Misery at the Company: Three Signs

By Deb Perelman  |  Posted 2007-08-28 Print this article Print

What's the difference between a bad job and a miserable one? According to one author, it is more than semantics. In his new book, "Three Signs of a Miserable Job," author Patrick Lencioni says that no matter how much the two terms are used interchangeably, they are not the same thing.

"A bad job lies in the eye of the beholder," explains Lencioni. "One person's dream job may be another person's nightmare.

"But a miserable job is universal. It is one that makes a person cynical and frustrated and demoralized when they go home at night. It drains them of their energy, their enthusiasm and their self-esteem."

In the book, Lencioni argues that miserable jobs are industry- and experience level-irrelevant, that CIOs can be as miserable as help desk professionals.

It rarely takes long for the topic of a bad job to come up in conversation.

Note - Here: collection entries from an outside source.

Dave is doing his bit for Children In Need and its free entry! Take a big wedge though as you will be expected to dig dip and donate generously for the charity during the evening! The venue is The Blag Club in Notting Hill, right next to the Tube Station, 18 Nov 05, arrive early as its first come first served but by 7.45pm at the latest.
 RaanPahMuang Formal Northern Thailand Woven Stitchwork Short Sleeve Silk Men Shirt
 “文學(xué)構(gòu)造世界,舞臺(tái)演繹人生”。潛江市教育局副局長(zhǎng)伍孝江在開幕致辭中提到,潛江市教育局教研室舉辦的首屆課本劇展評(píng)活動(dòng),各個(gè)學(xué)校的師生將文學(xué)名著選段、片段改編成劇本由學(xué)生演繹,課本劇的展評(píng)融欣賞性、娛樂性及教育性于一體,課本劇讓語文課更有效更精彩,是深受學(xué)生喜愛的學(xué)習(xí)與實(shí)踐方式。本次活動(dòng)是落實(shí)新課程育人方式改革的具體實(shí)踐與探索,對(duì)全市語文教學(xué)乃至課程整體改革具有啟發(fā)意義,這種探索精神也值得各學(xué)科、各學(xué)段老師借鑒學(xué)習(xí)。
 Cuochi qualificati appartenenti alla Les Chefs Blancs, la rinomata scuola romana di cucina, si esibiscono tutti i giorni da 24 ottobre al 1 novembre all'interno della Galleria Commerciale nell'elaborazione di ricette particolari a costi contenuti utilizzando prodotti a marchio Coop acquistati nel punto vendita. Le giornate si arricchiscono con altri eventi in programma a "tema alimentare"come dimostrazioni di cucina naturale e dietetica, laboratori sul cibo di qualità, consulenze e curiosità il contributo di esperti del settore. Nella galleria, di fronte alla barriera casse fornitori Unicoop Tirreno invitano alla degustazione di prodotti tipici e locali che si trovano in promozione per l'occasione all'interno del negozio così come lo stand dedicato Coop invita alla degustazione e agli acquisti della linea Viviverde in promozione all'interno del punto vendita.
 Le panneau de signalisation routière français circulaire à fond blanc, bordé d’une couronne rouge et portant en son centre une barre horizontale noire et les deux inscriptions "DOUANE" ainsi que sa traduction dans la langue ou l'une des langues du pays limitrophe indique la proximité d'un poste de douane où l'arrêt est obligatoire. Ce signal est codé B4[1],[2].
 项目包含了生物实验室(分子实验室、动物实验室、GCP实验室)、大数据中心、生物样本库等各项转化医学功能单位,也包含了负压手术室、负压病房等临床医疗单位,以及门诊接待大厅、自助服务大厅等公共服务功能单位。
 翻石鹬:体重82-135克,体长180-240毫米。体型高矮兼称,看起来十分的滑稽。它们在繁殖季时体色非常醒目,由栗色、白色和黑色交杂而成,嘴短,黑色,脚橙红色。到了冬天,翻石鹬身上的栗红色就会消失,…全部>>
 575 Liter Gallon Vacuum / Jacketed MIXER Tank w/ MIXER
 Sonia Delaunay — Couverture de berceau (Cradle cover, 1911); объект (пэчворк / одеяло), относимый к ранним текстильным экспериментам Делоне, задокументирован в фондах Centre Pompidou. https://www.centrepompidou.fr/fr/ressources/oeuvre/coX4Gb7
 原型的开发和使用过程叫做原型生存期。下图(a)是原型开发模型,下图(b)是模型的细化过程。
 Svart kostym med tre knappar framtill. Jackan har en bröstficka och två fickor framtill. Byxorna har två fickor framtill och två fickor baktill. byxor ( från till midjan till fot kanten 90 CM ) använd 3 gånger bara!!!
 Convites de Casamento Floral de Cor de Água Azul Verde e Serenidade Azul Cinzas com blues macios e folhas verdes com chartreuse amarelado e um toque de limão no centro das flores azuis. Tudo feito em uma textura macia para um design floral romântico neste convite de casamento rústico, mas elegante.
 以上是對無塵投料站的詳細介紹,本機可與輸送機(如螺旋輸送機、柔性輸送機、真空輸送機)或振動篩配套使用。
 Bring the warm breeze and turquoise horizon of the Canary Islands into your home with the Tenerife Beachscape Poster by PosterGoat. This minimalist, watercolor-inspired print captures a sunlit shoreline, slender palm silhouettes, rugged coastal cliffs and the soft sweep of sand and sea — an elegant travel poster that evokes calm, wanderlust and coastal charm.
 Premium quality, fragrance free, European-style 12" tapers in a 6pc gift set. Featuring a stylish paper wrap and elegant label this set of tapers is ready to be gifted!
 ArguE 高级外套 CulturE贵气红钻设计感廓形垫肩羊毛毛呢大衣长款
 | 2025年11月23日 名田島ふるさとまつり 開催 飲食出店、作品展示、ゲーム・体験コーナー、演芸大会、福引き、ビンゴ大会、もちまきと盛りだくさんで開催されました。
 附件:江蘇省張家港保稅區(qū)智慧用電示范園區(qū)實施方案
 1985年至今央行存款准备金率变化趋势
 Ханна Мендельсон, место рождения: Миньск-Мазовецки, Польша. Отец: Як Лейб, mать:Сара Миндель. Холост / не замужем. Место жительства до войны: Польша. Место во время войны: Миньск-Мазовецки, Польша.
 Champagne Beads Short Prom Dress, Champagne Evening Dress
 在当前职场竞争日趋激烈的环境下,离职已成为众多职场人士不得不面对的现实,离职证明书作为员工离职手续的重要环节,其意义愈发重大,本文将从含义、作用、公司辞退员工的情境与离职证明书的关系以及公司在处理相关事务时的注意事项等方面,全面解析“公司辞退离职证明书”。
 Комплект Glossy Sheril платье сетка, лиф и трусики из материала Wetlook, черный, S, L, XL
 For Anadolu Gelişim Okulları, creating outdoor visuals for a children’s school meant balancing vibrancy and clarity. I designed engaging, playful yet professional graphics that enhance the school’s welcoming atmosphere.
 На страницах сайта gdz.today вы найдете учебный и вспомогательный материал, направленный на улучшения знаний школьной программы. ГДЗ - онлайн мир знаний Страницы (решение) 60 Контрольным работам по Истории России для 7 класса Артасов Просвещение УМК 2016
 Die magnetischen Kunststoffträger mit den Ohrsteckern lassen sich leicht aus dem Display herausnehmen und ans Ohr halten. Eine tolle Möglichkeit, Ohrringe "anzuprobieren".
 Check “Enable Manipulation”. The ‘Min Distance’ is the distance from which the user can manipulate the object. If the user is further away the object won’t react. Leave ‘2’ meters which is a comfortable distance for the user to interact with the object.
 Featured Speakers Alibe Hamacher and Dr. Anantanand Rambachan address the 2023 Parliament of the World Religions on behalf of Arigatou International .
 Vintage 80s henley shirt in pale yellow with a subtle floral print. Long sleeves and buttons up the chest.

A recent Gallup poll found that 77 percent of people hate their jobs, and it contended that this ailing work force costs employers more than $350 billion annually in lost productivity.

The book's three signs of a miserable job are anonymity, irrelevance and immeasurement, and the definitions are likely to resound with a good part of the working population. Anonymity is the feeling employees get when they realize that their manager has little interest in them as a human being and they know little about their lives, aspirations and interests. Irrelevance takes root when employees cannot see the way their job makes a difference in the lives of others. Immeasurement is the author's term for when employees cannot assess for themselves their contribution or success and their managers are little help.

What all three facets of workplace misery boil down to is bad management, Lencioni says.

"As simple as these three signs are, the fact remains that few managers take a genuine interest in their people, remind them of the impact that their work has on others, and help them establish creative ways to measure and assess their performance," he writes.

But largely the culprit is managers who are convinced that they are too busy to look after their supervisees.

"The real problem is that most managers see themselves primarily as individual contributors who happen to have direct reports. ... They simply forget what it was like when they were lower on the food chain," said Lencioni.